April ethanol production, sales up in South-Central Brazil

By UNICA, the Brazilian Sugarcane Association | May 21, 2013

The sugarcane crush in Brazil’s South Central region from the start of the 2013/14 season through April 30 totaled 41.01 million tons, compared to 14.13 million tons processed during the same period last year.

Of the total crush so far in 2013/14, 31.54 million tons were processed during the second-half of April, a significant increase from the 9.40 million tons processed during the first half of the month.

“This growth in the crush was expected because after April 15 there was practically no stoppage of harvest activities caused by weather conditions,” UNICA Technical Director Antonio de Padua Rodrigues said. Furthermore, several mills began their operations for the current harvest in the second half of the month, contributing to the increase in the volume processed, Rodrigues added.

According to a periodic survey conducted by UNICA, 220 mills in the South Central region were operating on May 1, compared to 154 mills in operation a year earlier and 144 mills operating on April 15, 2013. Practically all regional units that didn’t kick off the harvest in April are expected to be up and running in May.

Of the total sugarcane harvested from the start of the 2013/14 season through April 30, 39.93 percent  went toward sugar production and 60.07 percent to ethanol production. During the second-half of April, the share of raw material directed to ethanol production remained practically at the same level observed previously, amounting to 58.05 percent.

From the start of the current season through April 30, sugar production in the South-Central region totaled 1.69 million tons, with 1.45 million tons produced during the second-half of April.

From the start of the current season through April 30, ethanol production totaled 1.58 billion liters – 400.99 million liters of anhydrous ethanol and 1.18 billion liters of hydrous ethanol – representing a 180 percent increase from the amount of ethanol produced over the same period last year. During the second-half of April, ethanol production totaled 1.24 billion liters – 361.77 million liters of anhydrous ethanol and 878.64 million liters of hydrous ethanol.

“This year the start of the crush was brought forward by the mills because of the greater volume of cane available for processing,” Rodrigues said. “In addition, the companies prioritized the production of ethanol to supply the domestic market, primarily with regard to the higher anhydrous blend rate in gasoline that came into effect on May 1.”

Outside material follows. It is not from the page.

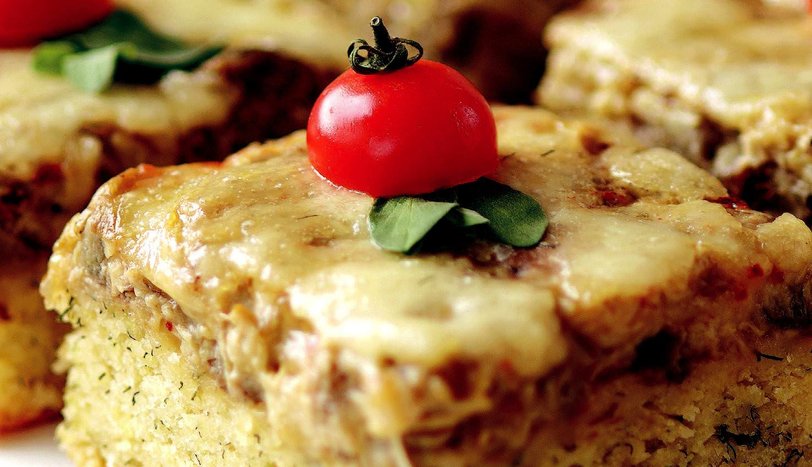 Önceden ısıtılmış 175 derece fırında 30-40 dakika pişirin. Tepsiyi fırından çıkarıp üzerine rendelenmiş kaşar peyniri serpin ve 5 dakika daha pişirin. Ilındıktan sonra dilimleyip, üzerini mercanköşk ve kiraz domatesle süsleyerek servis yapın.
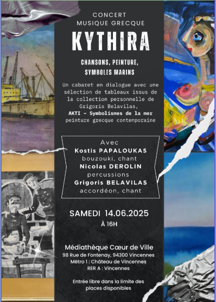 Η εκδήλωση θα πραγματοποιηθεί το Σάββατο 14 Ιουνίου 2025, στις 16:00, στη διεύθυνση: 98 Rue de Fontenay, 94300 Vincennes, κοντά στον σταθμό μετρό Château de Vincennes (γραμμή 1). Η είσοδος είναι δωρεάν. Περιορισμένος αριθμός θέσεων – εξασφαλίστε τη θέση σας εγκαίρως!

Ethanol sales by South Central mills totaled 1.59 billion liters in April, a 13.96 percent increase compared to April 2012.

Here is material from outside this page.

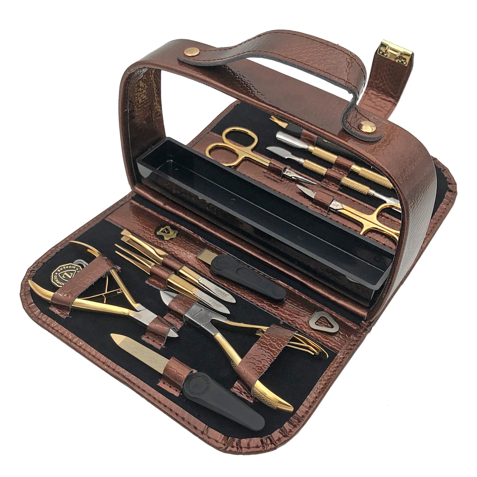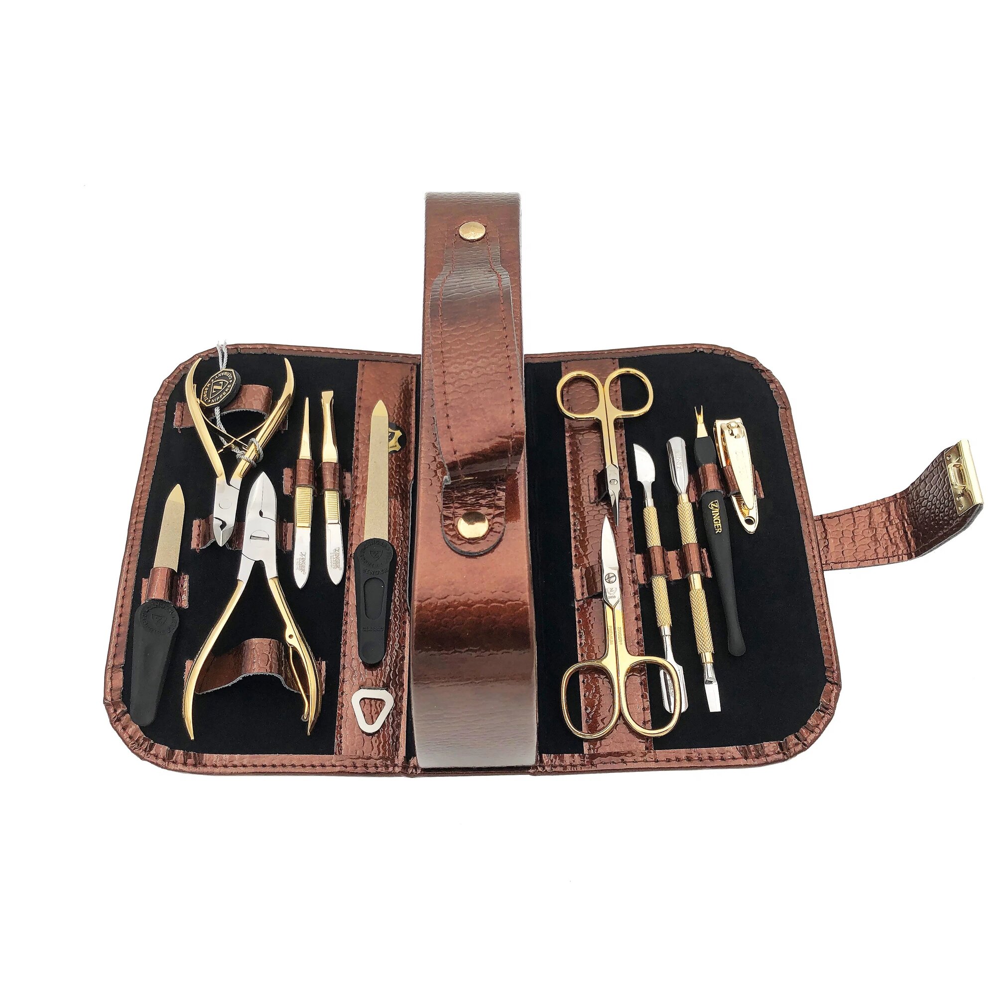 10 цен на Маникюрный набор Zinger MS-1101 BG, 12 предметов, позолоченный/коричневый глянцевый

The increase stemmed essentially from sales in Brazil’s domestic market, which totaled 1.52 billion liters compared to 1.32 billion liters in April 2012, an increase of 14.91 percent. Exports during April totaled 70.71 million liters.

In Brazil’s domestic market, anhydrous ethanol sales totaled 546.73 million liters in April, up 15.32 percent over the same period last year. Domestic hydrous ethanol sales totaled 971.83 million liters in April, a 14.68 percent increase compared to April of 2012.

During the second-half of April, ethanol sales totaled 850.84 million liters, of which 50.90 million liters were for export and 799.94 million liters supplied Brazil’s domestic market.

“The growth in ethanol sales into the domestic market in April of this year surpassed expectations,” Rodrigues said. “This market should remain strong in the coming months due to the drop in ethanol prices at the pump and to the communication effort that has been undertaken to make consumers aware of the advantages associated with the biofuel,” he added.